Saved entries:
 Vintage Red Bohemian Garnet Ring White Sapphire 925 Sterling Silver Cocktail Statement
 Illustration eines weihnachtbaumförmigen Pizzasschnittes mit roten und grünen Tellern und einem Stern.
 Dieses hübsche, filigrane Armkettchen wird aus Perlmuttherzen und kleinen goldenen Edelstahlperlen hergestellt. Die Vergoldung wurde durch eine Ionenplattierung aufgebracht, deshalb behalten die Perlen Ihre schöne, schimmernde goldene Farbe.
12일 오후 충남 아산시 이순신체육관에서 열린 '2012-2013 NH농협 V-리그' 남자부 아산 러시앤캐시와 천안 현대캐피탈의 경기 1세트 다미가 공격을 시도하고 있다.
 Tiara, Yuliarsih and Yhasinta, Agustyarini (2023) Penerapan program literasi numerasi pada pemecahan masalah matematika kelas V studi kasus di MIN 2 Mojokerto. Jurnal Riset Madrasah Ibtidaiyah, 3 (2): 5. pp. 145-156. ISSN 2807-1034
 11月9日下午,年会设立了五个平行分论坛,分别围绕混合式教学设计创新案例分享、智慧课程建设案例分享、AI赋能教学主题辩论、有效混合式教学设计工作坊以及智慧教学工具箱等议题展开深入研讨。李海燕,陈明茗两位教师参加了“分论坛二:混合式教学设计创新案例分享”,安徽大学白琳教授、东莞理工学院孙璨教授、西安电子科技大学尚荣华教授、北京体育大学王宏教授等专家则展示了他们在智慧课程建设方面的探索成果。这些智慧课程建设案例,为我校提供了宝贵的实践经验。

### About this task
The line containing "Illustration eines weihnachtbaumförmigen" marks the end. Please print exactly every line from the top of the data to it, both included, and nothing more.

### Exercise result
 Vintage Red Bohemian Garnet Ring White Sapphire 925 Sterling Silver Cocktail Statement
 Illustration eines weihnachtbaumförmigen Pizzasschnittes mit roten und grünen Tellern und einem Stern.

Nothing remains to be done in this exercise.